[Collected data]
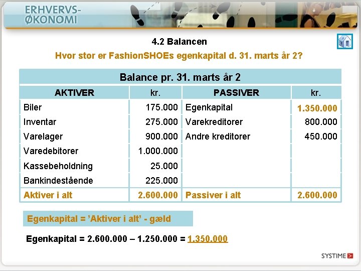 4. 2 Balancen Hvor stor er Fashion. SHOEs egenkapital d. 31. marts år 2? Balance pr. 31. marts år 2 AKTIVER kr. PASSIVER Biler 175. 000 Egenkapital Inventar 275. 000 Varekreditorer Varelager 900. 000 Andre kreditorer Varedebitorer 1. 350. 000 800. 000 450. 000 1. 000 Kassebeholdning 25. 000 Bankindestående 225. 000 Aktiver i alt kr. 2. 600. 000 Passiver i alt Egenkapital = ’Aktiver i alt’ - gæld Egenkapital = 2. 600. 000 – 1. 250. 000 = 1. 350. 000 2. 600. 000
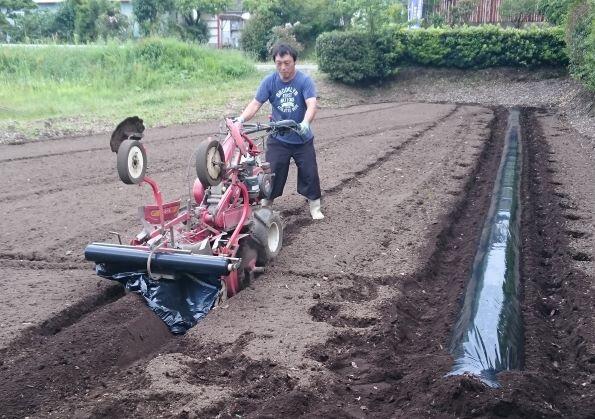 こうやってマルチを張っていくのですね。農業機械ってすごく考えて作ってあります。開発した人ってとても素晴らしいです
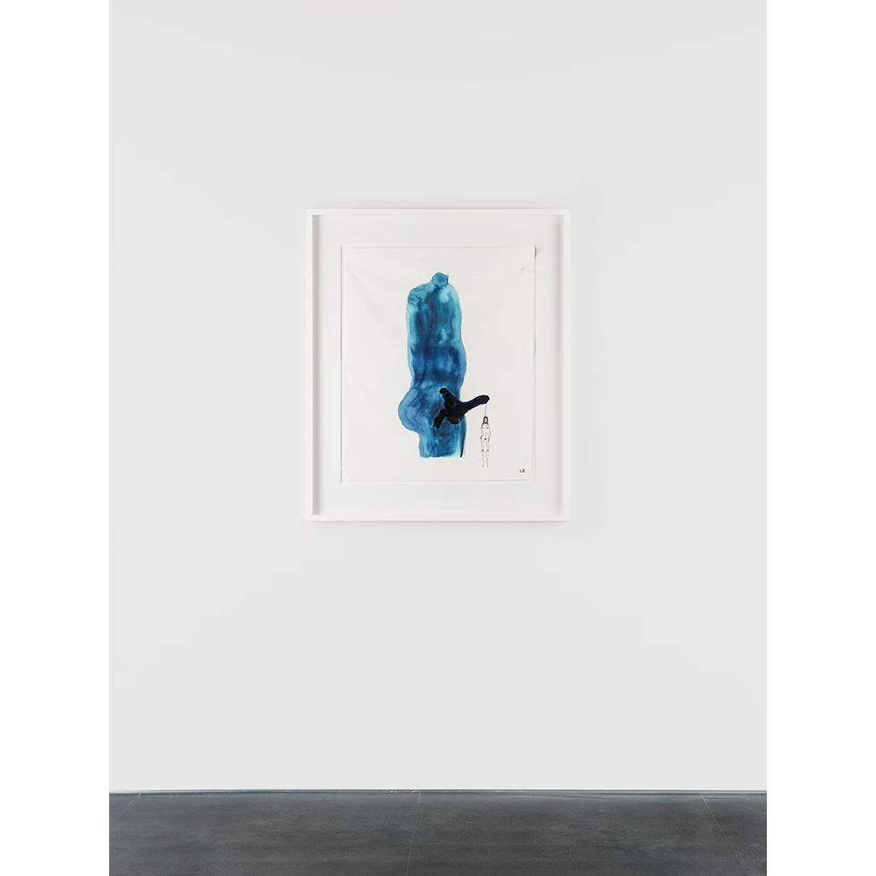 「Do Not Abandon Me」はルイーズ・ブルジョワとトレーシー・エミンによる合作であり、ブルジョワが2010年に没する直前に完遂された、彼女にとっての最後のプロジェクトでもある。本来は16枚の連作として発表されており、本作「Just Hanging」はシリーズ内の11番目の作品となる。エミンはブルジョワに深い影響を受けていることを明かしているが、その両者に通奏する身体性への関心が一連のドローイング制作における協業を通して豊かに共鳴している。独立したアーティスト同士のコラボレーションは度々行われるが、ここまで本質的な親和性を示す合作は珍しいだろう。制作にあたっては、まずブルジョワがルーズな絵具の広がりを使って横を向いた人物のボディを描いた。ブルジョワによる描画部分は、妊娠した女性の腹部と勃起した男性器を描いたものとが半数づつあり、それらに対してエミンが後から線描を加筆している。ブルジョワの描写は男性と女性の身体と生殖的役割についてシンプルで定型的な記号化がなされている。その記号的かつ象徴的な描写にエミンが具体的なストーリー性を持ち込み、それぞれの作品個別の性格を付与している。生殖本能に根ざした身体的性差を極めて端的に示したブルジョワに対して、性愛や感情のヴァリエーションを生々しくも細やかに描き分けたエミン、という両者の身体および人間観の差異がこのコラボレーションをより興味深いものとしている。本作においては、いかにも雄々しい男性器にかけられた縄状のものによって力なく吊るされた女性像が描かれている。本作の個別タイトルが「Just Hanging」とあるようにただぶら下がっているだけ、と素直に受け止めるにはあまりに衝撃的な光景であることは否めない。「Do Not Abandon Me」というシリーズタイトルに預けられた共依存性が暗に示すものは、広義には離れ難いほどの性愛を、狭義においてはブルジョワとエミン両者のアーティストとしての世代を超えた精神的咬合であるだろう。
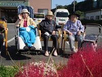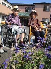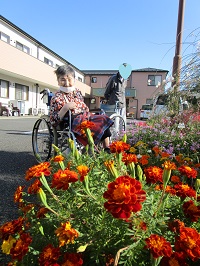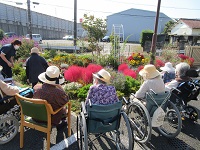 終了後は入居者様やスタッフと楽しそうにお話をされたり、花壇のお花を眺めたりされていました。
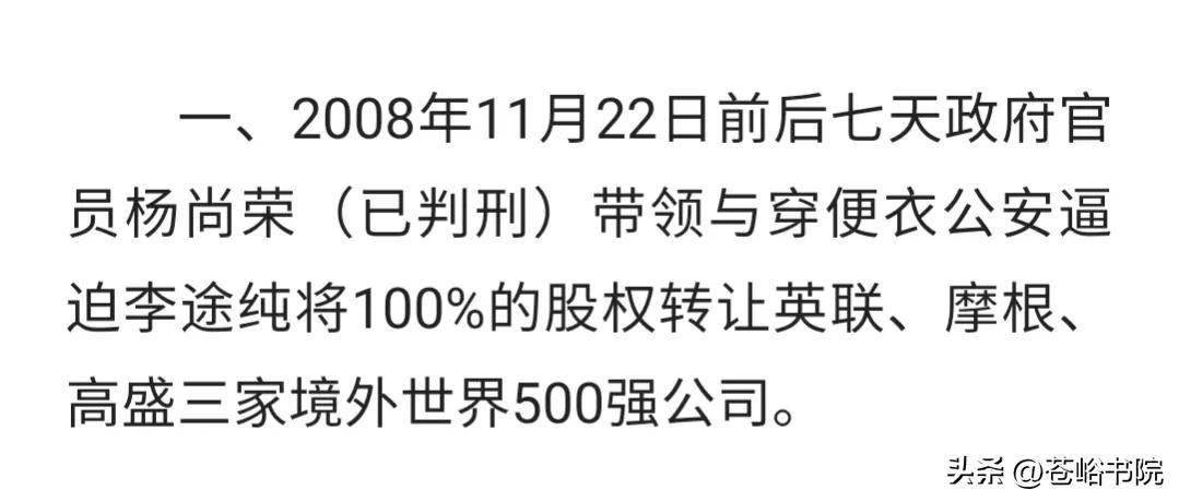 1、2008年11月22日,由株洲市官员出面联合便衣将李途纯全部股份转让给英联、高盛、摩根史丹利三个国际投行。

## [Assignment]
Write out all the entries exactly, except for the pictures.

## [Answer space]
 4. 2 Balancen Hvor stor er Fashion. SHOEs egenkapital d. 31. marts år 2? Balance pr. 31. marts år 2 AKTIVER kr. PASSIVER Biler 175. 000 Egenkapital Inventar 275. 000 Varekreditorer Varelager 900. 000 Andre kreditorer Varedebitorer 1. 350. 000 800. 000 450. 000 1. 000 Kassebeholdning 25. 000 Bankindestående 225. 000 Aktiver i alt kr. 2. 600. 000 Passiver i alt Egenkapital = ’Aktiver i alt’ - gæld Egenkapital = 2. 600. 000 – 1. 250. 000 = 1. 350. 000 2. 600. 000
 こうやってマルチを張っていくのですね。農業機械ってすごく考えて作ってあります。開発した人ってとても素晴らしいです
 「Do Not Abandon Me」はルイーズ・ブルジョワとトレーシー・エミンによる合作であり、ブルジョワが2010年に没する直前に完遂された、彼女にとっての最後のプロジェクトでもある。本来は16枚の連作として発表されており、本作「Just Hanging」はシリーズ内の11番目の作品となる。エミンはブルジョワに深い影響を受けていることを明かしているが、その両者に通奏する身体性への関心が一連のドローイング制作における協業を通して豊かに共鳴している。独立したアーティスト同士のコラボレーションは度々行われるが、ここまで本質的な親和性を示す合作は珍しいだろう。制作にあたっては、まずブルジョワがルーズな絵具の広がりを使って横を向いた人物のボディを描いた。ブルジョワによる描画部分は、妊娠した女性の腹部と勃起した男性器を描いたものとが半数づつあり、それらに対してエミンが後から線描を加筆している。ブルジョワの描写は男性と女性の身体と生殖的役割についてシンプルで定型的な記号化がなされている。その記号的かつ象徴的な描写にエミンが具体的なストーリー性を持ち込み、それぞれの作品個別の性格を付与している。生殖本能に根ざした身体的性差を極めて端的に示したブルジョワに対して、性愛や感情のヴァリエーションを生々しくも細やかに描き分けたエミン、という両者の身体および人間観の差異がこのコラボレーションをより興味深いものとしている。本作においては、いかにも雄々しい男性器にかけられた縄状のものによって力なく吊るされた女性像が描かれている。本作の個別タイトルが「Just Hanging」とあるようにただぶら下がっているだけ、と素直に受け止めるにはあまりに衝撃的な光景であることは否めない。「Do Not Abandon Me」というシリーズタイトルに預けられた共依存性が暗に示すものは、広義には離れ難いほどの性愛を、狭義においてはブルジョワとエミン両者のアーティストとしての世代を超えた精神的咬合であるだろう。
 終了後は入居者様やスタッフと楽しそうにお話をされたり、花壇のお花を眺めたりされていました。
 1、2008年11月22日,由株洲市官员出面联合便衣将李途纯全部股份转让给英联、高盛、摩根史丹利三个国际投行。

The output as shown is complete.